#### Recorded data
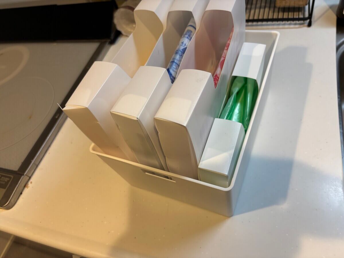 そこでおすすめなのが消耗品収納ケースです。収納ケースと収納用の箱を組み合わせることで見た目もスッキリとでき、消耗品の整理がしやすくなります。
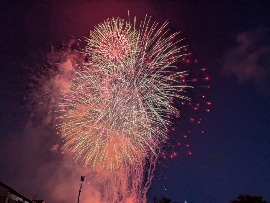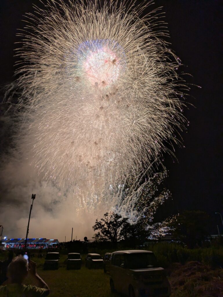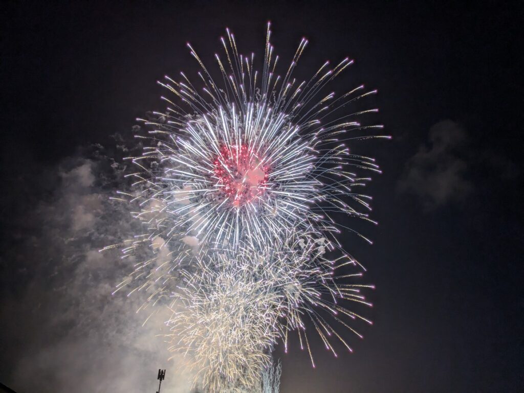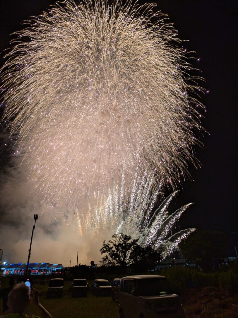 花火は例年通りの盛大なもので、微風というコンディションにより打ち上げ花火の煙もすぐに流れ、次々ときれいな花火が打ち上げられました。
########
#### Recorded data
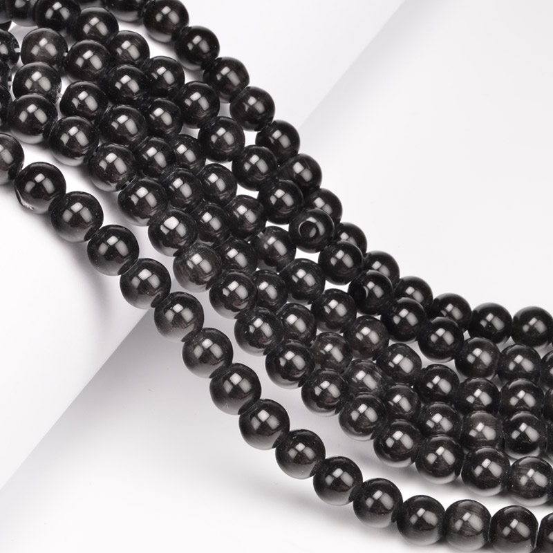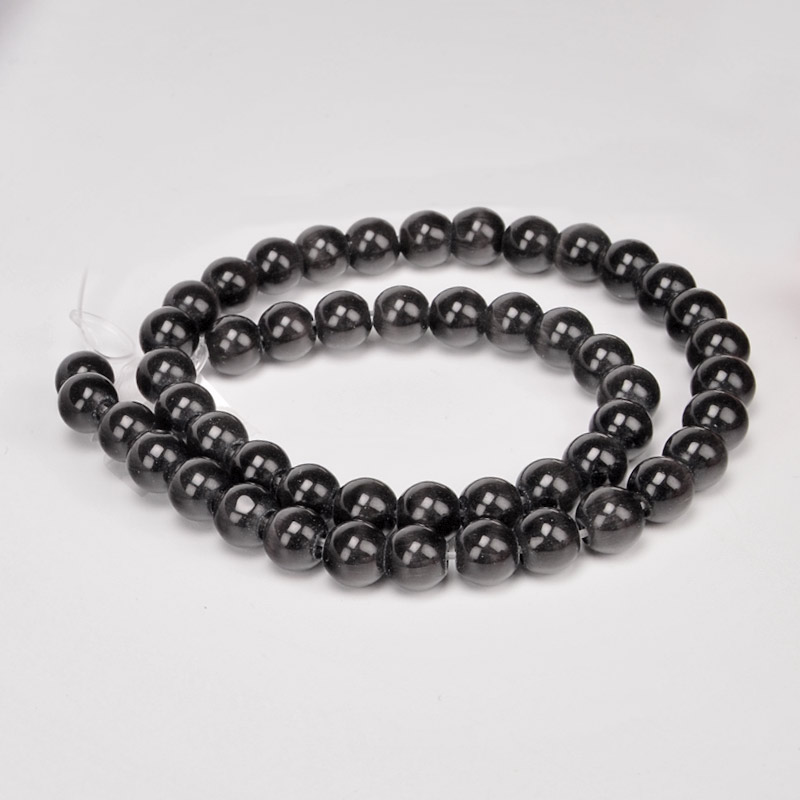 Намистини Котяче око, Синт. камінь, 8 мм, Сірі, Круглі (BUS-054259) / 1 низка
########
**What you are asked to do**
From the material above, output only the span of lines that starts at the one containing "そこでおすすめなのが消耗品収" and finishes at the one containing "花火は例年通りの盛大なもので", word for word and free of pictures.

**Task output**
 そこでおすすめなのが消耗品収納ケースです。収納ケースと収納用の箱を組み合わせることで見た目もスッキリとでき、消耗品の整理がしやすくなります。
 花火は例年通りの盛大なもので、微風というコンディションにより打ち上げ花火の煙もすぐに流れ、次々ときれいな花火が打ち上げられました。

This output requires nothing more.